ДНК-полимераза Robustart Taq

ДНК-полимераза Robustart Taq представляет собой ДНК-полимеразу с горячим стартом.Этот продукт может не только лучше ингибировать неспецифическую реакцию, вызванную неспецифическим отжигом праймеров или агрегацией праймеров в процессе подготовки и амплификации системы ПЦР.Таким образом, он обладает превосходной специфичностью и более эффективен для амплификации матриц с низкой концентрацией, а также подходит для реакции амплификации мультиплексной ПЦР.Более того, этот продукт имеет очень хорошую применимость, и стабильные результаты амплификации можно получить в различных типах ПЦР-реакций.

Компоненты

1.5 ЕД/мкл ДНК-полимеразы Robustart Taq

2.10 × ПЦР-буфер II (без Mg²+) (опционально)

3.25 мМ MgCl₂(необязательный)

* 10 × ПЦР-буфер II (без Mg²+) не содержит dNTP и Mg²+, добавьте dNTP и MgCl.₂при приготовлении реакционной системы.

Рекомендуемые приложения

1.Быстрое усиление.

2.Многократное усиление.

3.Прямая амплификация крови, мазков и других образцов.

4.Выявление респираторных заболеваний.

Условия хранения

-20°C для длительного хранения, перед использованием следует тщательно перемешать, избегать частого замораживания-оттаивания.

*Если осадок выпадает после охлаждения, это нормально;Перед смешиванием и использованием рекомендуется довести температуру до комнатной.

Определение единицы измерения

Одна активная единица (Е) определяется как количество фермента, которое включает 10 нмоль дезоксирибонуклеотида в нерастворимый в кислоте материал при 74°C в течение 30 минут с использованием активированной ДНК спермы лосося в качестве матрицы/праймера.

Контроль качества

1.Электрофоретическая чистота SDS-PAGE более 98%.

2.Чувствительность усиления, контроль от партии к партии, стабильность.

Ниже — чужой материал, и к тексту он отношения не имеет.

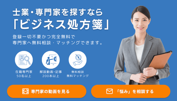 中小企業経営者のお悩みに、最適な分野の専門家が解決!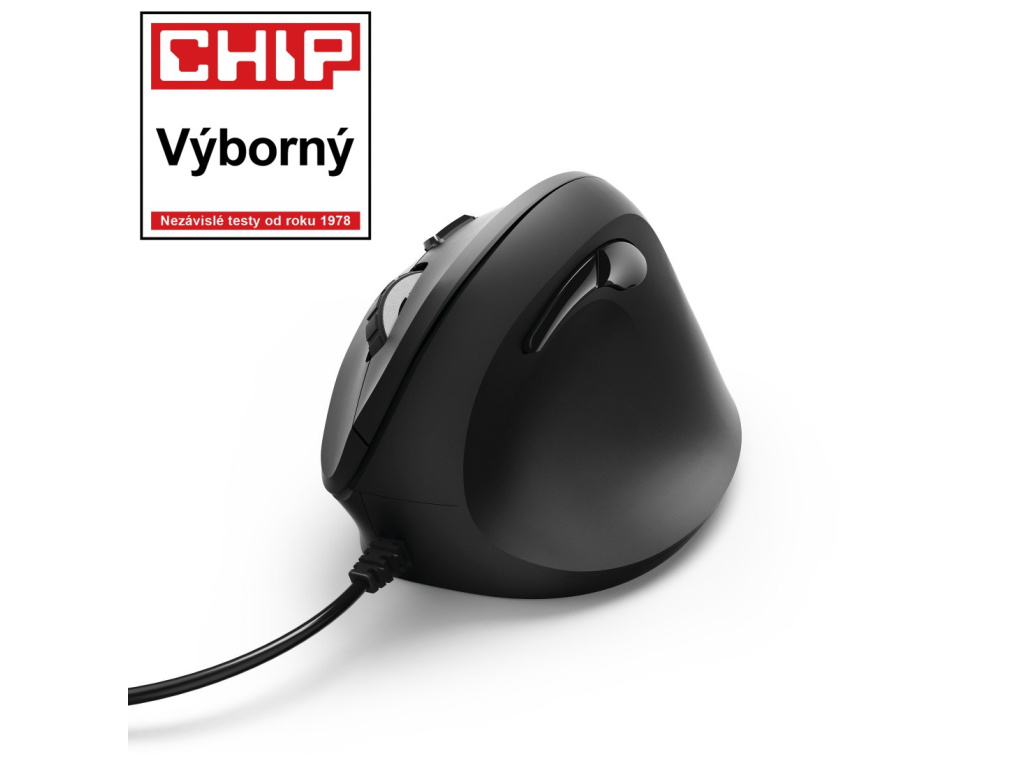 moderná ergonomická káblová myš pre pracovanie s počítačom bez bolesti - vertikálne prevedenie predchádza presileniu a bolesti ramien a zápästí - DPI tlačidlo pre rýchlu zmenu rozlíšenia (DPI 100/1400/1800) - optický senzor pre presný a plynulý pohyb myši - Browser tlačidlá pre podporu funkcie vpred/vzad na internete - pogumovaný povrch pre lepší úchop - viac komfortu, ergonómie a prirodzené držanie pri práci s myšou - Smart link technológia – jednoduchá prevádzka Systémové požiadavky: - operačný systém: Windows 10/8/7/ Vista, Mac OS 10.10 alebo vyššie Technické parametre: - pripojenie: USB A vidlica - počet talčidiel: 6 vrátene rolovacieho kolieska - rozlíšenie: 1000/1400/1800 DPI - rozmery: 8,6 x 11,5 x 7,1 cm - dĺžka kábla: 180 cm - farba: čiernaEAN: 4047443370372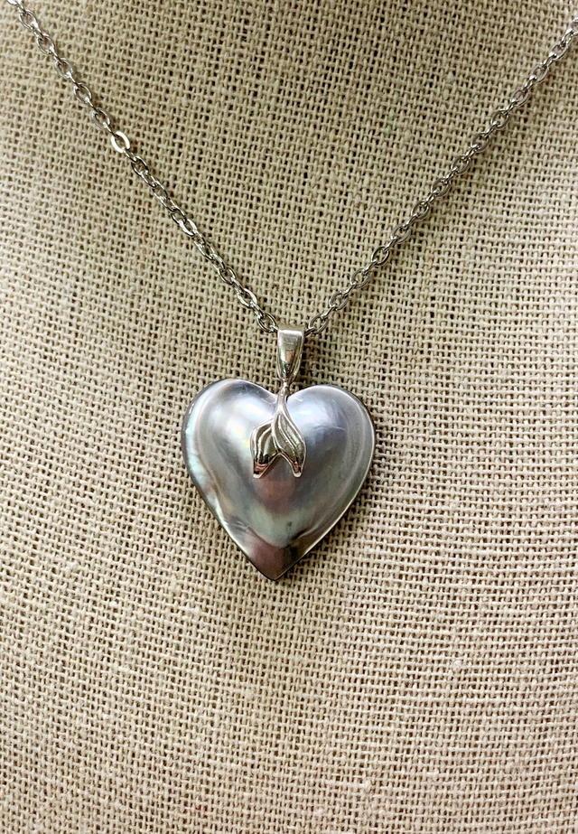 Un Mabé de tahiti en forme de coeur, sur une monture en argent 925.
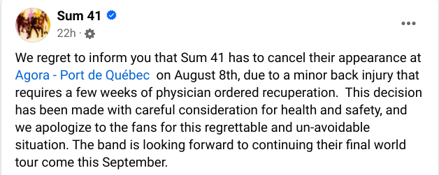 «Nous regrettons de nous informer que Sum 41 doit annuler (ses performances), dû à une blessure minure au dos qui demande plusieurs semaines de convalescence ordonnée par le médecin. Cette décision a été prise dans un souci de santé et de sécurité. Nous nous excusons auprès des fans pour cette situation malheureuse et inévitable», peut-on lire sur la page Facebook du groupe.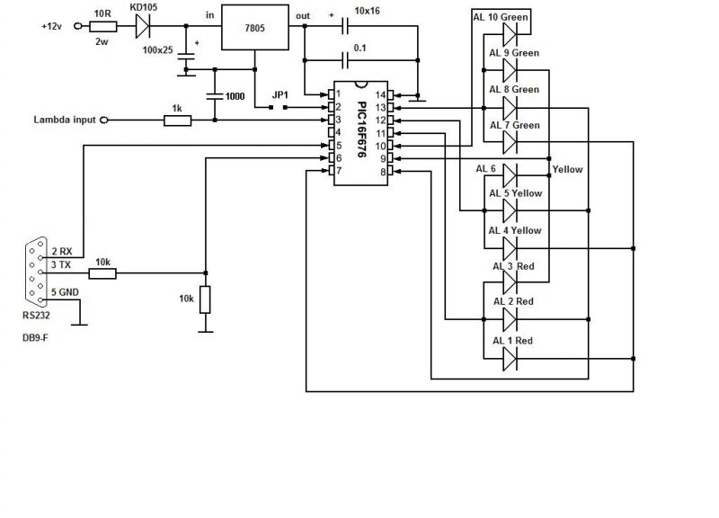 Kezembe akadt egy régi kapcs.rajz. Ez egy lamdaszonda vizsgáló, aminek van egy soros csatija is. (Egyszer építettem egy hasonló kis masinát, csak azon nem volt soros csati.)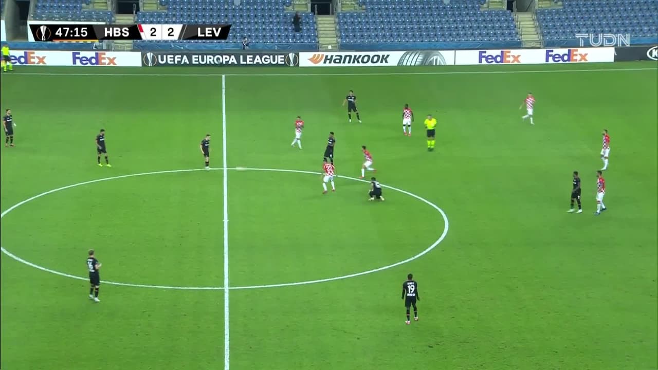 Tiro atajado junto al lado derecho de la portería. Leon Bailey (Bayer 04 Leverkusen) Disparo con la derecha desde el lado derecho dentro del área. Asistencia de Tin Jedvaj pase largo.

3.Нет экзогенной нуклеазной активности, нет экзогенной эндонуклеазы или загрязнения экзонуклеазой.

инструкции

Настройка реакции

Примечания:

1) а.Буфер не содержит dNTP и Mg²+, добавьте dNTP и MgCl.₂при приготовлении реакционной системы.

2) б.При использовании для qPCR/qRT-PCR в реакционную систему следует добавить флуоресцентные зонды.Обычно конечная концентрация праймера 0,2 мкМ дает хорошие результаты;если эффективность реакции плохая, концентрацию праймера можно регулировать в диапазоне 0,2-1 мкМ.Концентрация зонда обычно оптимизируется в диапазоне 0,1-0,3 мкМ.Можно провести эксперименты с градиентом концентрации, чтобы найти наилучшую комбинацию праймера и зонда.

Протокол термоциклирования

Примечания

1.Скорость амплификации быстрой ДНК-полимеразы не должна быть менее 1 т.п.н./10 с.Скорость повышения и падения температуры, режим контроля температуры и эффективность теплопроводности различных инструментов ПЦР сильно различаются, поэтому рекомендуется оптимизировать оптимальные условия реакции для конкретного инструмента быстрой ПЦР.

2.Система легко адаптируется, обладает более высокой специфичностью и чувствительностью.

3.Подходит для использования в качестве высокочувствительных реагентов для ПЦР-детектирования и может использоваться в реакциях мультиплексной ПЦР-амплификации.

4.5'→3'-полимеразная активность, 5'-→3'-экзонуклеазная активность;нет 3'→5'-экзонуклеазной активности;нет функции корректуры.

5.Подходит для качественного и количественного тестирования ПЦР и RT-PCR.

6.3'-конец продукта ПЦР представляет собой А, который можно напрямую клонировать в Т-вектор.

7.Трехэтапный метод рекомендуется для праймеров с низкими температурами отжига или для амплификации фрагментов длиной более 200 п.н.